• [YOUR GOAL]
As the answer, set down the lines below from the one containing "Реалистичная 3d модель" through the one containing "Este Cmap, tiene", exactly and inclusively, and no others.

• [RECORDS FOR THE TASK]
▽

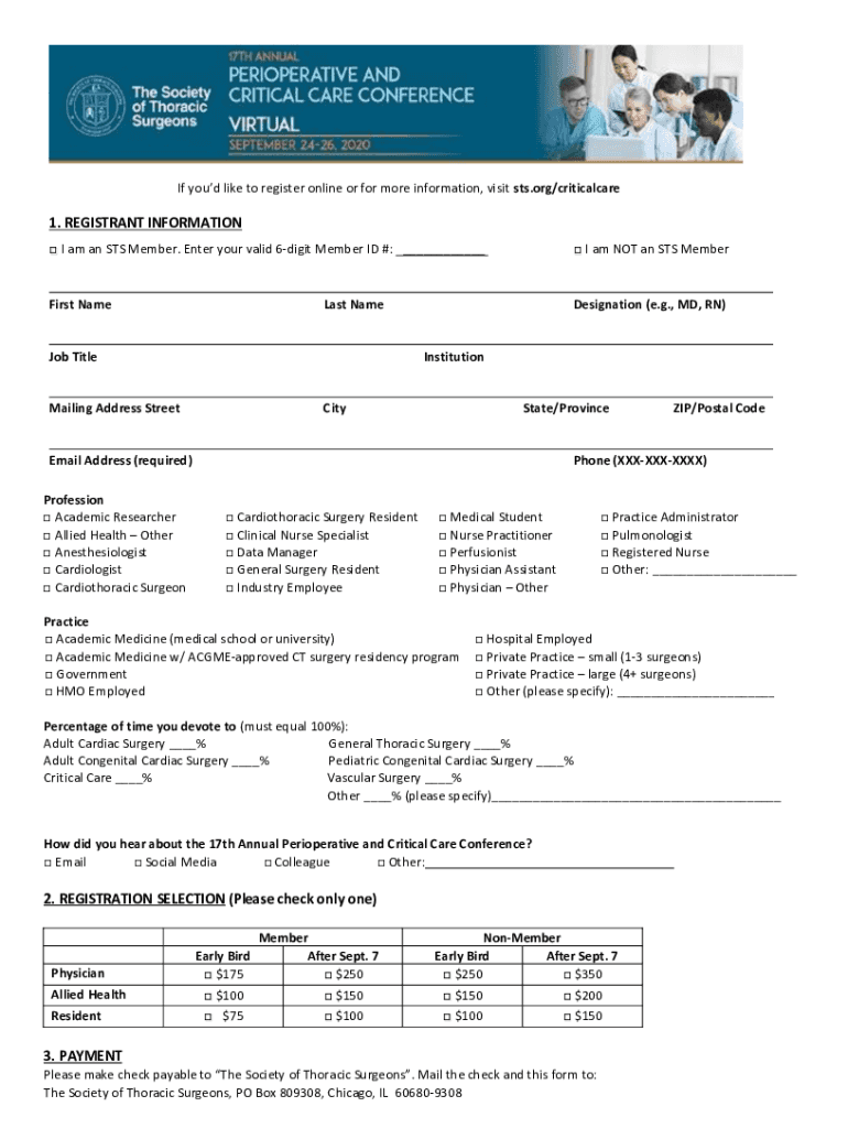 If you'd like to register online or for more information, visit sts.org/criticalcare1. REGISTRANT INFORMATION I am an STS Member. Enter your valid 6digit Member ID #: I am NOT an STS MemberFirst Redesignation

△
▽

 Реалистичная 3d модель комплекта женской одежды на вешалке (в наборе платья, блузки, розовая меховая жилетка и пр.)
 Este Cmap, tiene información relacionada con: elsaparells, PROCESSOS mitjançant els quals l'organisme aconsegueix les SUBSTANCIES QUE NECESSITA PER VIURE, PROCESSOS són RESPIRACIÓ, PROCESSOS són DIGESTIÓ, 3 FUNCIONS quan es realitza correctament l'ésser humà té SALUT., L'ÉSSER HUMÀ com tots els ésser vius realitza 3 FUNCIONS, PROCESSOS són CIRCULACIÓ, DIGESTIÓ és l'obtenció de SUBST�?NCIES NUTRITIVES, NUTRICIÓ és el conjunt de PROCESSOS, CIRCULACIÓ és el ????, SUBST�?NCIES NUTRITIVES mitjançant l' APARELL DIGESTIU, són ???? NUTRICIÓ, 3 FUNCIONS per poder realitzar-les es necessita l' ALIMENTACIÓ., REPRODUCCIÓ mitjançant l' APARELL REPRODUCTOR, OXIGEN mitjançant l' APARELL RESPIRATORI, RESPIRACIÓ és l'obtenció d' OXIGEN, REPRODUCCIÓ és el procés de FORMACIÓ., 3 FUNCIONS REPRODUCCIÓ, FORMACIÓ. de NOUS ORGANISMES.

△
▽

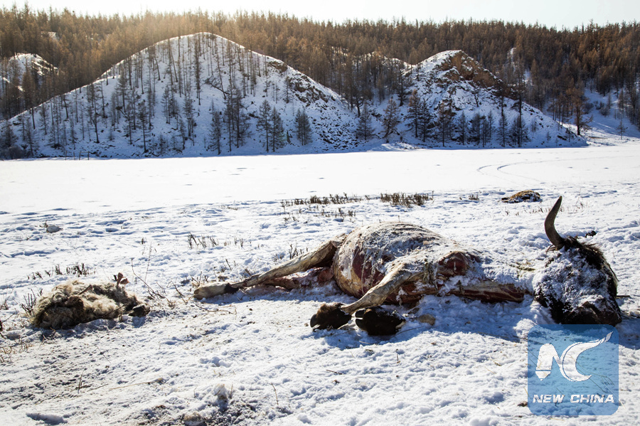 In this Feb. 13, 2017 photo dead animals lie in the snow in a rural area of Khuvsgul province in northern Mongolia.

△

• [RESPONSE TO THIS EXERCISE]
 Реалистичная 3d модель комплекта женской одежды на вешалке (в наборе платья, блузки, розовая меховая жилетка и пр.)
 Este Cmap, tiene información relacionada con: elsaparells, PROCESSOS mitjançant els quals l'organisme aconsegueix les SUBSTANCIES QUE NECESSITA PER VIURE, PROCESSOS són RESPIRACIÓ, PROCESSOS són DIGESTIÓ, 3 FUNCIONS quan es realitza correctament l'ésser humà té SALUT., L'ÉSSER HUMÀ com tots els ésser vius realitza 3 FUNCIONS, PROCESSOS són CIRCULACIÓ, DIGESTIÓ és l'obtenció de SUBST�?NCIES NUTRITIVES, NUTRICIÓ és el conjunt de PROCESSOS, CIRCULACIÓ és el ????, SUBST�?NCIES NUTRITIVES mitjançant l' APARELL DIGESTIU, són ???? NUTRICIÓ, 3 FUNCIONS per poder realitzar-les es necessita l' ALIMENTACIÓ., REPRODUCCIÓ mitjançant l' APARELL REPRODUCTOR, OXIGEN mitjançant l' APARELL RESPIRATORI, RESPIRACIÓ és l'obtenció d' OXIGEN, REPRODUCCIÓ és el procés de FORMACIÓ., 3 FUNCIONS REPRODUCCIÓ, FORMACIÓ. de NOUS ORGANISMES.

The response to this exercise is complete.